* COLLECTED MATERIAL:
----
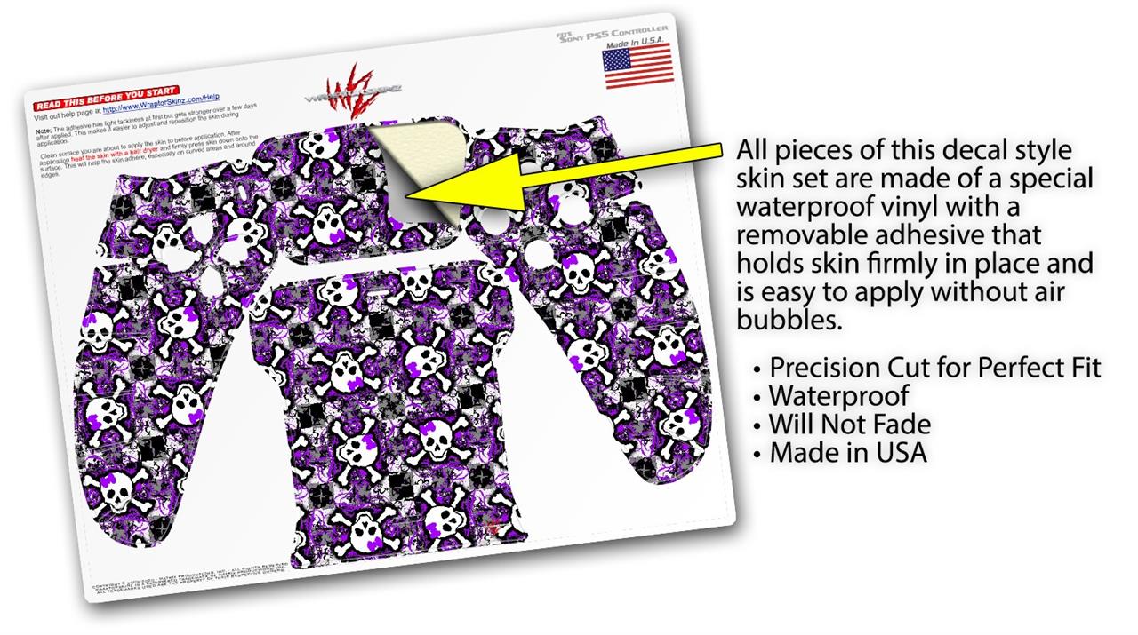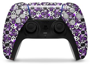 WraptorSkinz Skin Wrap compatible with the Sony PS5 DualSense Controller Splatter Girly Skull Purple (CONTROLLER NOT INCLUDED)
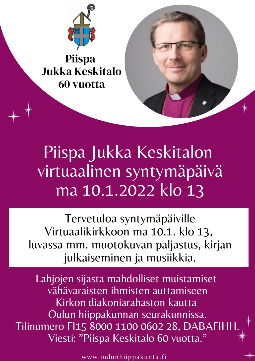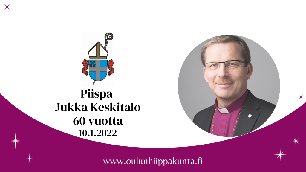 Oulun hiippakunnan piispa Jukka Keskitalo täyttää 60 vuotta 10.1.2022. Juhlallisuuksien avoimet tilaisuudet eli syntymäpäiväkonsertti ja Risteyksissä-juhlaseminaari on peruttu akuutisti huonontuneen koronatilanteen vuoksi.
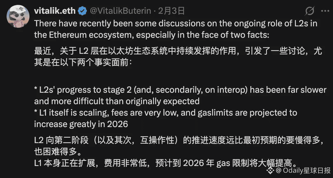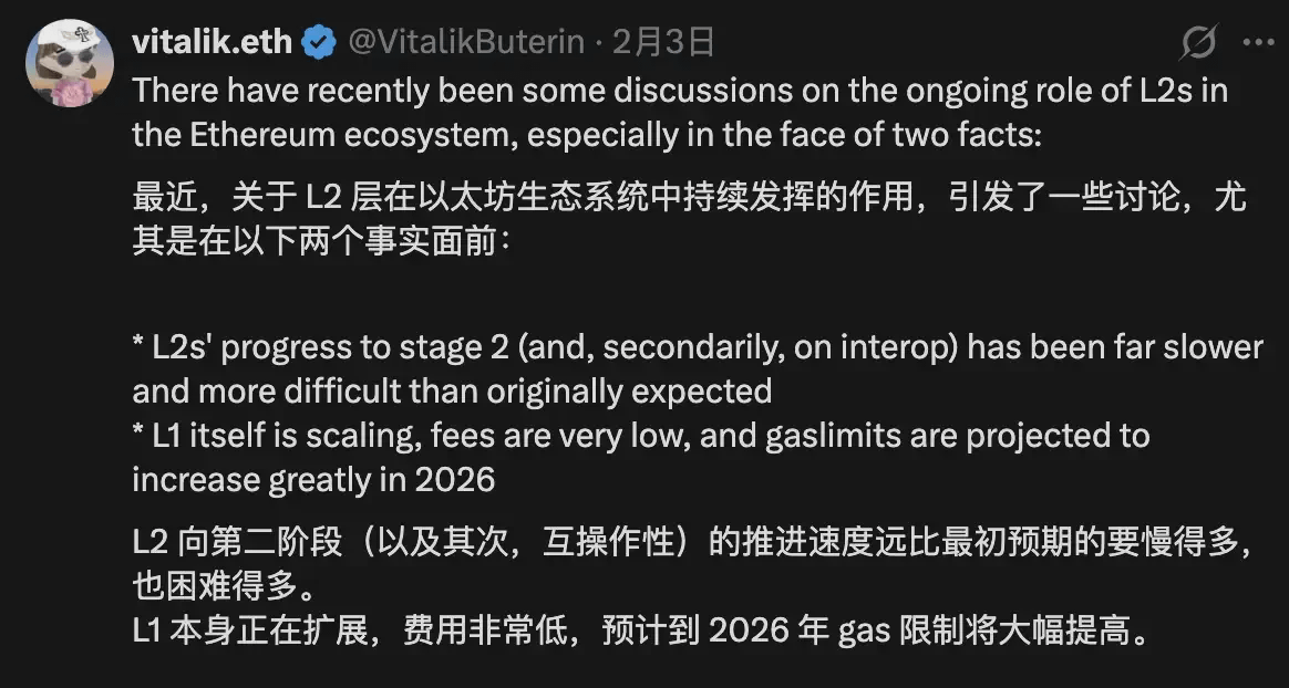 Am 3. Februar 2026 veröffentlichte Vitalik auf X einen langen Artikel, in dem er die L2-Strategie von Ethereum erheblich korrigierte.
----
* HOW TO COMPLETE THIS TASK: Leave the images out and transcribe the remaining data above word for word.

* SOLUTION FOR THIS EXERCISE:
 WraptorSkinz Skin Wrap compatible with the Sony PS5 DualSense Controller Splatter Girly Skull Purple (CONTROLLER NOT INCLUDED)
 Oulun hiippakunnan piispa Jukka Keskitalo täyttää 60 vuotta 10.1.2022. Juhlallisuuksien avoimet tilaisuudet eli syntymäpäiväkonsertti ja Risteyksissä-juhlaseminaari on peruttu akuutisti huonontuneen koronatilanteen vuoksi.
 Am 3. Februar 2026 veröffentlichte Vitalik auf X einen langen Artikel, in dem er die L2-Strategie von Ethereum erheblich korrigierte.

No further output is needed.